Ptosis of the brow is droopiness usually a product of aging. Ptosis of the brow manifests itself as heaviness in and above the upper eyelids, folds over the lateral (outside) aspect of the eyelids, and transverse forehead creases. These creases are caused by muscular elevation of the eyebrows by the frontalis muscle to remove the heavy brow from obstructing vision.

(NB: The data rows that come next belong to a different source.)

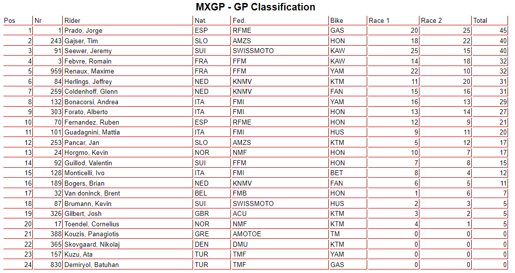 MXGP OVERALL & STANDINGS
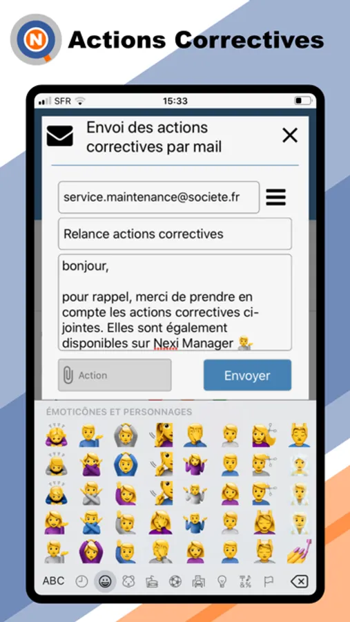 - Envoi de vos actions correctives par mail
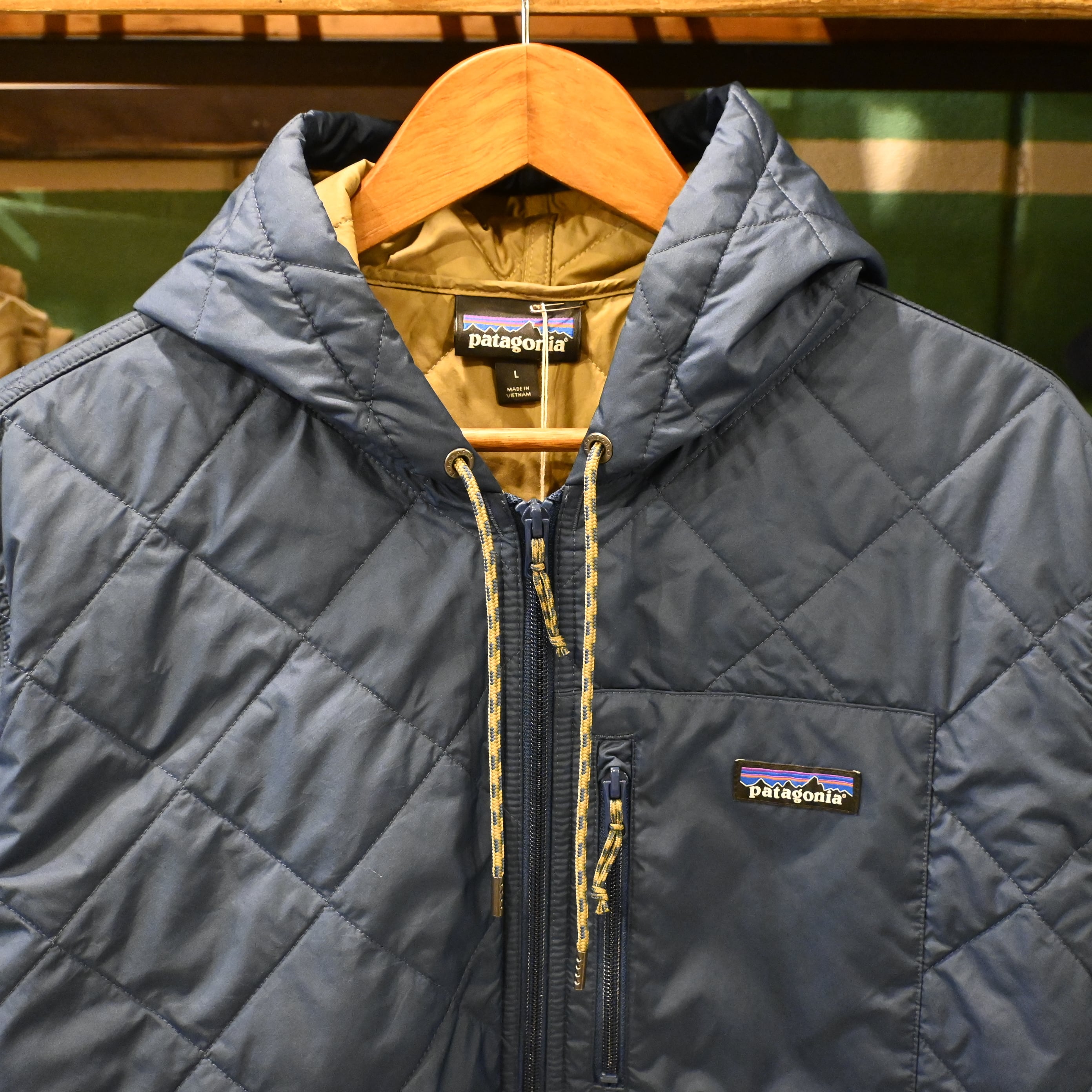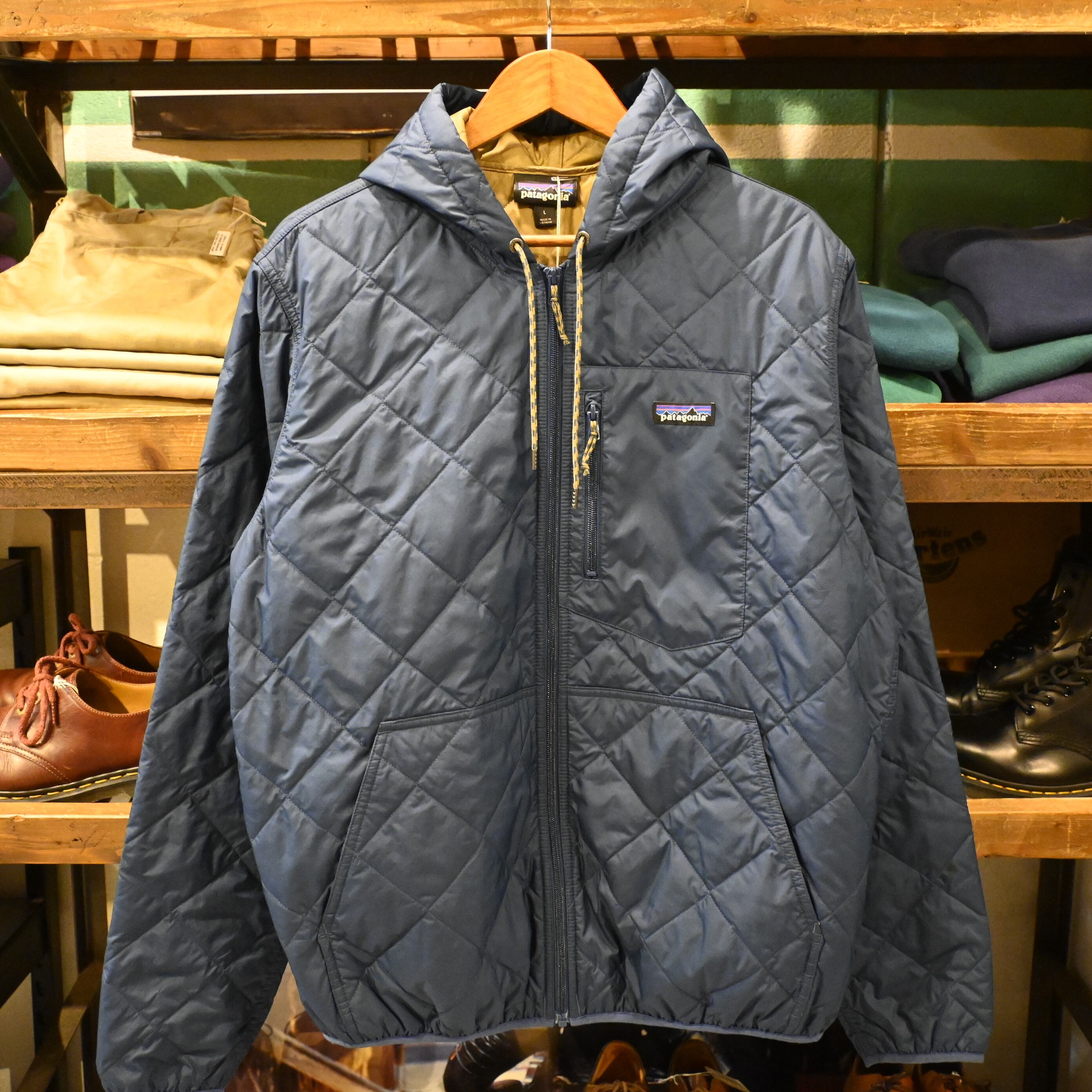[ L ] Patagonia 2021年 Vietnam製 Diamond Quilted Bomber Hoodie , Navy
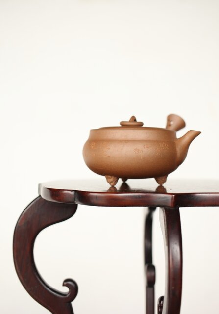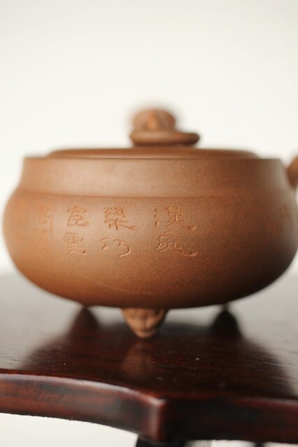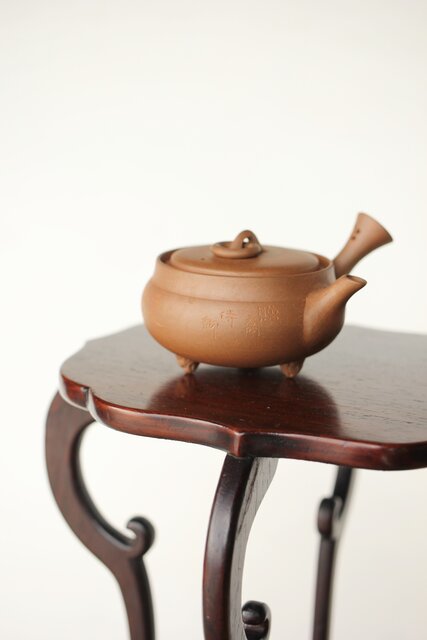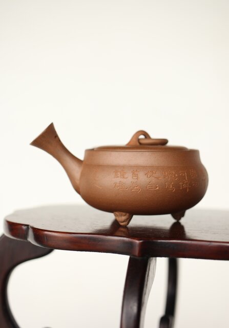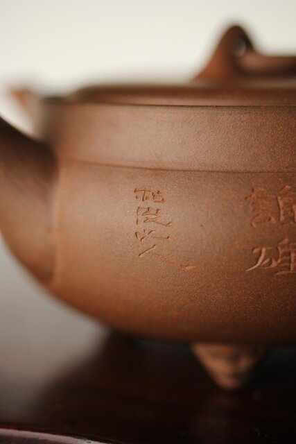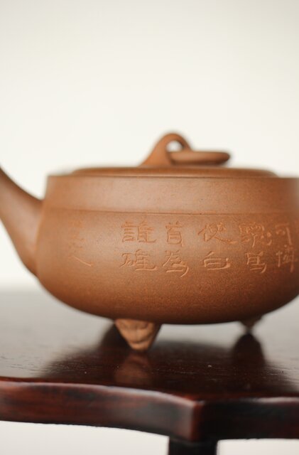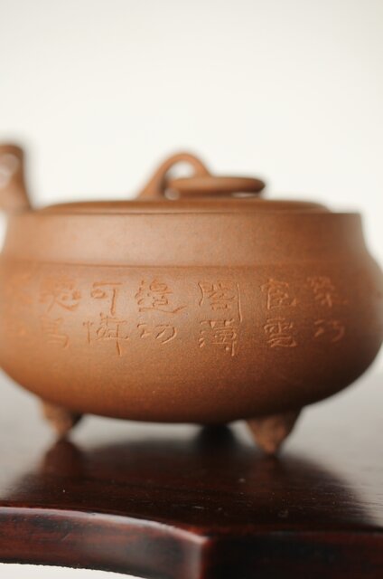 温故焼 漢詩彫 清水温故作 三足急須 P401

In the brow, aging can produce persistent expression lines in the glabellar area (the space between the eyebrows). The crease or creases that are vertically oriented are caused by the function of the corrugator muscles. These two muscles originate on the skull and insert near the midpoint of each eyebrow. When they contract, the eyebrows are brought closer together. This generates an expression of anger, concern, or trouble. When the skin loses the elasticity needed to recover when the corrugator muscles have gone to rest, these expressions persist as a permanent feature. The procerus muscle arises on the nose and inserts into the skin of the forehead just above the nose. Its function is to shorten this distance and may result in transverse creases on that portion of the nose that is between the eyebrows.

The goal of a browlift, in general, is to restore the eyebrows to a suitable resting position, thus correcting the ptosis. The glabellar area should be relaxed to eliminate the furrows demonstrating anger or concern. These goals should be attained without leaving the patient with the appearance of surprise due to overcorrection.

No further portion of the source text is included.